» **EXERCISE OBJECTIVE**: Every line below is to be given again precisely; images are to be left out.

» **DATA BLOCK**:
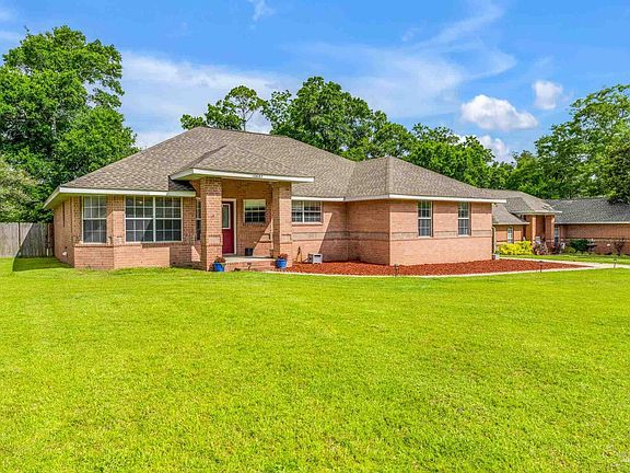 This magnificent home in a WATERFRONT Community can be yours. The location couldn't be better - just minutes from the boat launch& Pensacola & the Beaches. This All Brick home is beautifully landscaped & sits on a Large Lot. There are 3 bedrooms & 2 Baths herein a split plan. As you enter the home, you will notice the open concept, extra large Chef's Kitchen which boasts Stainless Steel Appliances & a center Island. The Breakfast Nook would easily accommodate a Large Table & is open to the Gorgeous Great Room via a half wall. The Great Room has High Ceilings & a Cozy Fireplace & doors that lead to the Large Entertainment Deck. There is a also a formal Dining Room that could be used as an Office. The Primary Bedroom is a Quiet Oasis with high ceilings & natural light streaming in thru the windows. On the opposite side of the home, there are two additional bedrooms with a full bath & large closets. If you LOVE the outdoors, don't miss the HUGE Entertaining Deck out back & the expansive lot which reaches far beyond the back fence. There are also two Storage Buildings here for all your outdoor toys & lawn equipment. There is also a LARGE Two Car Garage here that is Side Entry! Bedrooms have NEW CARPET, and there is a newer Roof here also. Also, don't miss the new HVAC that was recently updated!!This home is in Elberta's top ranked school district. Come see this perfect coastal location & this lovely home! Buyer to verify all information during due diligence.
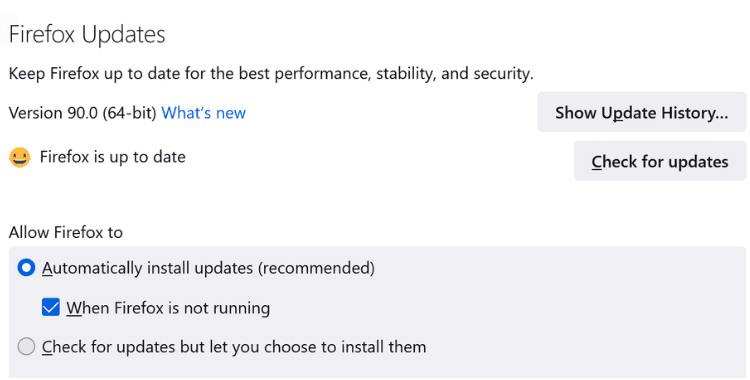 برای به روزرسانی به جدیدترین نسخه ، برنامه موزیلا فایرفاکس را باز کنید و به تنظیمات> عمومی> به روز رسانی فایرفاکس> بررسی برای به روزرسانی ها بروید. فایرفاکس همچنین در حال ارائه نسخه ۹۰ به روزرسانی برای اندروید است که می توانید آن را از فروشگاه گوگل پلی دریافت کنید.
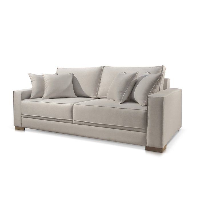 Estrutura em eucalipto tratado anti cupim.Assento em molas espirais, percintas elásticas, espuma D28 soft (qualidade contínua 10cm espessura).Encosto almofadas soltas com fibra siliconizada.Pé em madeira.

» **RESULT OF THIS TASK**:
 This magnificent home in a WATERFRONT Community can be yours. The location couldn't be better - just minutes from the boat launch& Pensacola & the Beaches. This All Brick home is beautifully landscaped & sits on a Large Lot. There are 3 bedrooms & 2 Baths herein a split plan. As you enter the home, you will notice the open concept, extra large Chef's Kitchen which boasts Stainless Steel Appliances & a center Island. The Breakfast Nook would easily accommodate a Large Table & is open to the Gorgeous Great Room via a half wall. The Great Room has High Ceilings & a Cozy Fireplace & doors that lead to the Large Entertainment Deck. There is a also a formal Dining Room that could be used as an Office. The Primary Bedroom is a Quiet Oasis with high ceilings & natural light streaming in thru the windows. On the opposite side of the home, there are two additional bedrooms with a full bath & large closets. If you LOVE the outdoors, don't miss the HUGE Entertaining Deck out back & the expansive lot which reaches far beyond the back fence. There are also two Storage Buildings here for all your outdoor toys & lawn equipment. There is also a LARGE Two Car Garage here that is Side Entry! Bedrooms have NEW CARPET, and there is a newer Roof here also. Also, don't miss the new HVAC that was recently updated!!This home is in Elberta's top ranked school district. Come see this perfect coastal location & this lovely home! Buyer to verify all information during due diligence.
 برای به روزرسانی به جدیدترین نسخه ، برنامه موزیلا فایرفاکس را باز کنید و به تنظیمات> عمومی> به روز رسانی فایرفاکس> بررسی برای به روزرسانی ها بروید. فایرفاکس همچنین در حال ارائه نسخه ۹۰ به روزرسانی برای اندروید است که می توانید آن را از فروشگاه گوگل پلی دریافت کنید.
 Estrutura em eucalipto tratado anti cupim.Assento em molas espirais, percintas elásticas, espuma D28 soft (qualidade contínua 10cm espessura).Encosto almofadas soltas com fibra siliconizada.Pé em madeira.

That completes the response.